JVM crash originating from APM agent

We've been experiencing a SIGSEV JVM crash on our production cluster which seems to originate from the APM Java agent. We haven't been able to establish a pattern of when this happens or what triggers this. The second instance of this error happened after a week, the third one after it had been running for 2 days.

We're running on a eclipse-temurin:17-alpine docker image with APM agent version 1.36.

The error we see is:

#
# A fatal error has been detected by the Java Runtime Environment:
#
#  SIGSEGV (0xb) at pc=0x00007f269de9b474, pid=1, tid=600
#
# JRE version: OpenJDK Runtime Environment Temurin-17.0.7+7 (17.0.7+7) (build 17.0.7+7)
# Java VM: OpenJDK 64-Bit Server VM Temurin-17.0.7+7 (17.0.7+7, mixed mode, sharing, tiered, compressed oops, compressed class ptrs, g1 gc, linux-amd64)
# Problematic frame:
# V  [libjvm.so+0xe34474]  ObjectSynchronizer::FastHashCode(Thread*, oopDesc*)+0x184
Stack: [0x00007f263dfe8000,0x00007f263e0e8aa8],  sp=0x00007f263e0e4e10,  free space=1011k
Native frames: (J=compiled Java code, j=interpreted, Vv=VM code, C=native code)
V  [libjvm.so+0xe34474]  ObjectSynchronizer::FastHashCode(Thread*, oopDesc*)+0x184
V  [libjvm.so+0x90432e]  JVM_IHashCode+0x9e
J 32297  java.lang.System.identityHashCode(Ljava/lang/Object;)I java.base@17.0.7 (0 bytes) @ 0x00007f268f78859a [0x00007f268f7884a0+0x00000000000000fa]
J 63004 c2 com.blogspot.mydailyjava.weaklockfree.AbstractWeakConcurrentMap.containsKey(Ljava/lang/Object;)Z (46 bytes) @ 0x00007f268f203b14 [0x00007f268f203520+0x00000000000005f4]
J 117851 c2 co.elastic.apm.agent.loginstr.reformatting.AbstractEcsReformattingHelper.onAppendEnter(Ljava/lang/Object;)Z (124 bytes) @ 0x00007f26945aa698 [0x00007f26945aa580+0x0000000000000118]
j  co.elastic.apm.agent.jul.reformatting.JulConsoleHandlerPublishAdvice.initializeReformatting(Ljava/util/logging/ConsoleHandler;)Z+4
J 121708 c2 java.util.logging.Logger.log(Ljava/util/logging/LogRecord;)V java.logging@17.0.7 (153 bytes) @ 0x00007f2694acacdc [0x00007f2694acab40+0x000000000000019c]
J 96765 c1 java.util.logging.Logger.doLog(Ljava/util/logging/LogRecord;)V java.logging@17.0.7 (50 bytes) @ 0x00007f268a2ce814 [0x00007f268a2ce560+0x00000000000002b4]
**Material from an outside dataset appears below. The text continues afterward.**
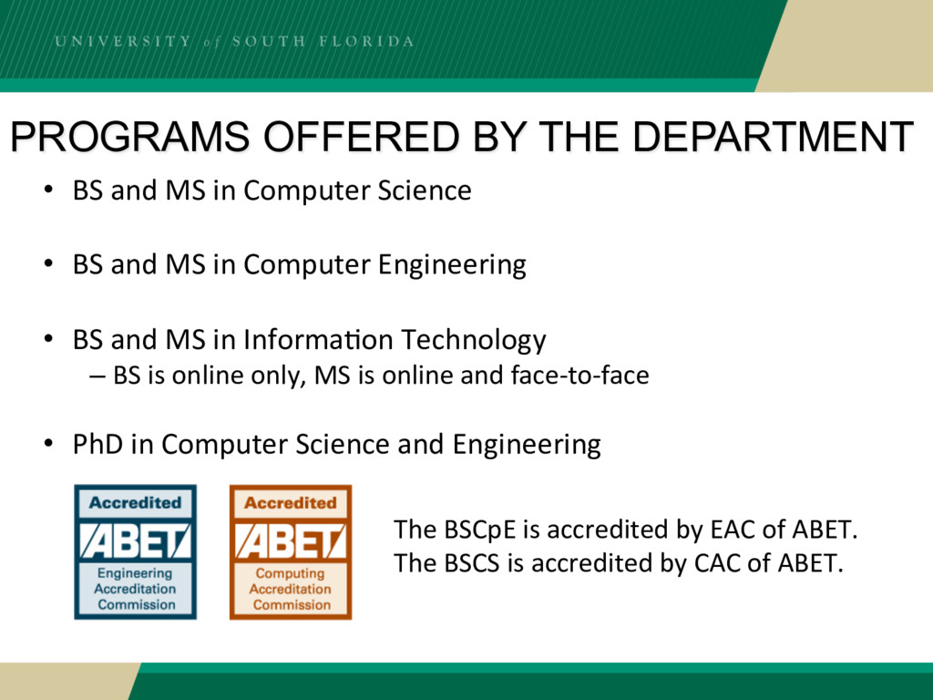 Computer Science • BS and MS in Computer Engineering • BS and MS in Informa?on Technology – BS is online only, MS is online and face-to-face • PhD in Computer Science and Engineering The BSCpE is accredited by EAC of ABET. The BSCS is accredited by CAC of ABET.

I've also openend an issue with the JVM maintainers (SIGSEV on ObjectSynchronizer::FastHashCode · Issue #831 · adoptium/adoptium-support · GitHub) which also contains the full log.

For the mean time we've disabled log-reformatting instrumentation.
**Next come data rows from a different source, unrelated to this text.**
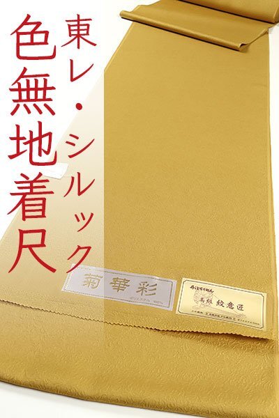 - 和遊館 KKK795 東レ シルック 丹後ちりめん 高級 紋意匠 菊華彩 色無地 着尺 洗える着物 菊地紋 マスタード色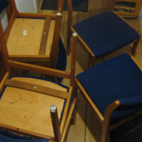 Jeg sælger de fire stole som ikke skal repareres til 1000 kr samlet.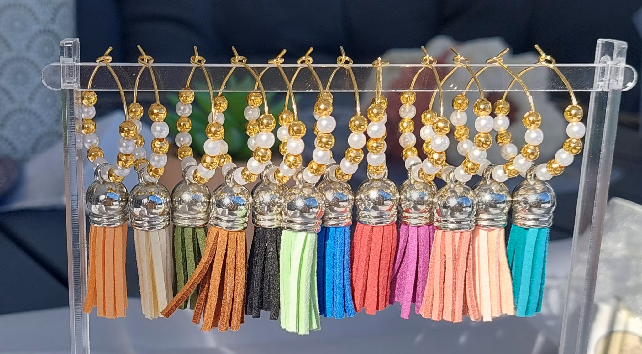 Man kan välja mellan silverfärgad stomme/pärlor och guldfärgad stomme/pärlor. Färgerna på tofsarna är 12 olika färger.

Hi @svenrienstra , thanks for reporting this !

I think you did the right thing by opening an issue on the JVM as the problem seems to be within JVM code.
We can see from the stack trace that the Elastic APM agent calls java.lang.System.identityHashCode , which is implemented by the JVM in native code.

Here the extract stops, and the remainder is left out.